“É imoral a perspectiva de que a Braskem possa vir a ser autorizada a fazer aproveitamento econômico da área. É uma ofensa aos 60 mil maceioenses afetados pela tragédia, que tiveram de abandonar suas casas e deixar para trás todo o seu passado”. Eis um trecho do relatório final da CPI da Braskem, apresentado na quarta-feira 15 pelo senador Rogério Carvalho. E de qual imoralidade fala o relator da Comissão?

Em texto anterior escrevi a respeito. O parlamentar se refere ao acordo fechado entre a prefeitura da capital e a mineradora. No documento de 18 páginas, a gestão pública entrega os imóveis e toda a área desocupada ao controle absoluto da Braskem. Repito o que escrevi: o município vendeu parte da cidade em que vivemos, ao preço de 1 bilhão e 700 milhões de reais. A dinheirama vem caindo em parcelas em pleno ano eleitoral.

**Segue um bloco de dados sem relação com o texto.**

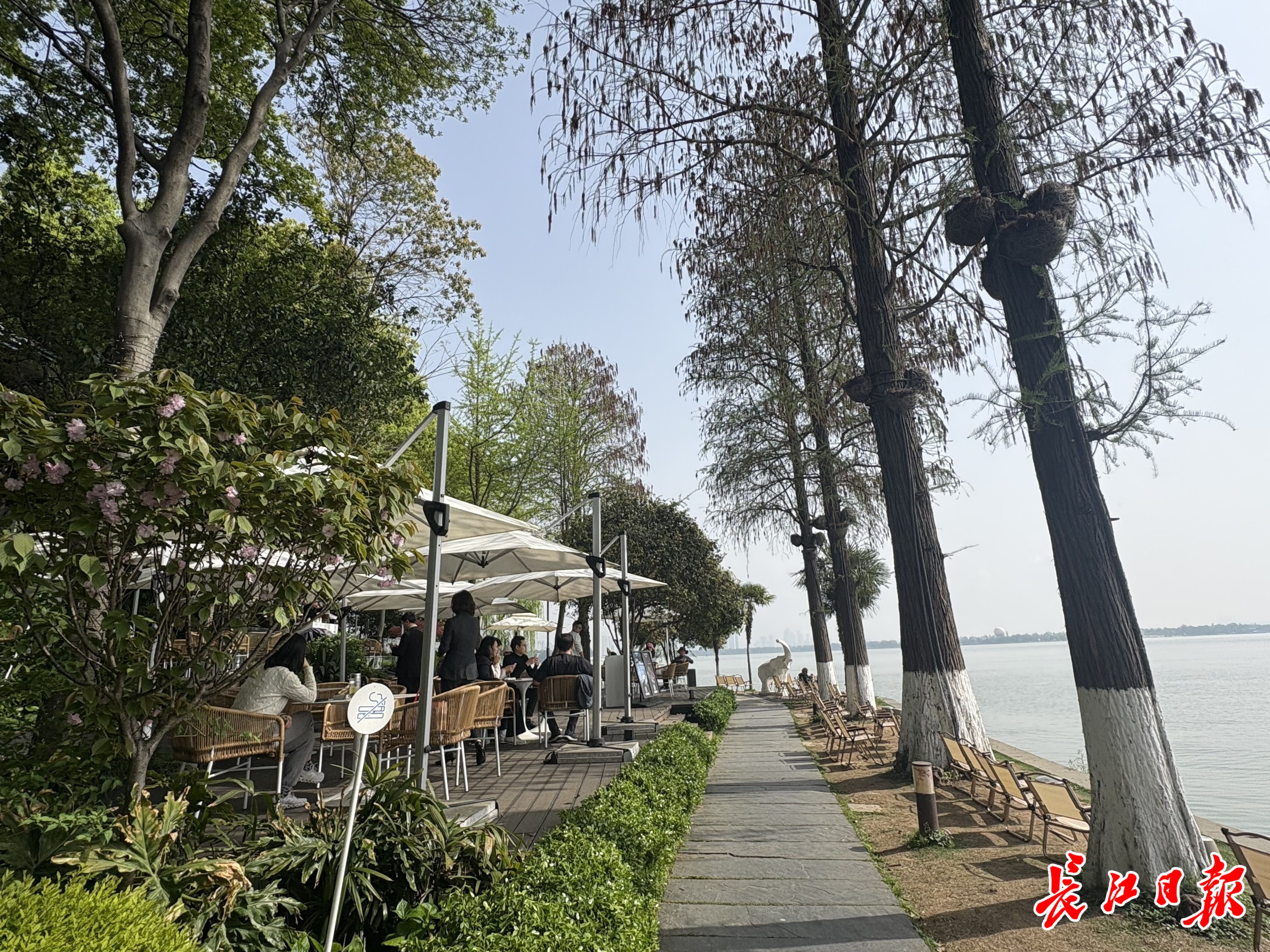 不仅是这家餐厅,旁边的两家咖啡馆同样因“环境好、能出片”吸引了不少年轻人。北京游客杨小姐举着一杯咖啡,让家人在湖边为她拍下一张侧脸照,镜头延伸出去,背后就是东湖。杨小姐满意地说,“必须发朋友圈的九宫格”。

O relatório recomenda a “redefinição da propriedade da área afetada”. E acrescenta mais um argumento para essa medida: “Não é razoável que [a Braskem] detenha a propriedade daquilo que somente obteve em virtude de conduta criminosa”. Ainda sobre dar posse à Braskem do solo de Maceió, Rogério Carvalho escreve: “Trata-se do paradoxo do poluidor credor, algo inaceitável em nosso ordenamento jurídico”.

O texto defende que o Ministério Público (Estadual e Federal) “monitore” a aplicação dos recursos obtidos pelo prefeito João Henrique Caldas. Diz também que cabe ao Tribunal de Contas “avaliar os critérios de aquisição do Hospital da Cidade”. No ano passado, usando parte do valor recebido da Braskem, a prefeitura pagou 266 milhões de reais pela posse de uma unidade hospitalar. Uma transação misteriosa.

Por fim, ainda sobre a transferência do patrimônio público para a Braskem, o relator afirma ser necessário que a área desocupada “volte para a propriedade do município de Maceió”. Se depender do acerto firmado entre as partes, o assunto está encerrado. A prefeitura e a mineradora se comprometem a jamais contestar os termos do acordo – em qualquer foro, muito menos na Justiça. Uma cláusula estranhíssima.   

Há poucos dias, a Defensoria Pública de Alagoas pediu o sequestro dos imóveis da região afetada pelo desastre provocado pela Braskem. A ação foi rejeitada pela 3ª Vara da Justiça Federal. É uma guerra longe do fim. Desde 2018, quando começou o afundamento no Pinheiro, a Defensoria atua no lado certo da causa. Enquanto prefeitura e empresa negociam bilhões, defensores públicos brigam pelas vítimas do crime.

O relatório final da CPI tem mais de 600 páginas e atira para todos os lados. Defende o indiciamento de oito diretores da Braskem e aponta omissão de agências de controle e de órgãos como o Instituto do Meio Ambiente de Alagoas. Mas uma categoria sai ilesa: nenhum político, com ou sem mandato, é citado nominalmente. A prevalecer o histórico de CPIs, minha expectativa é quase zero. Espero que esteja errado.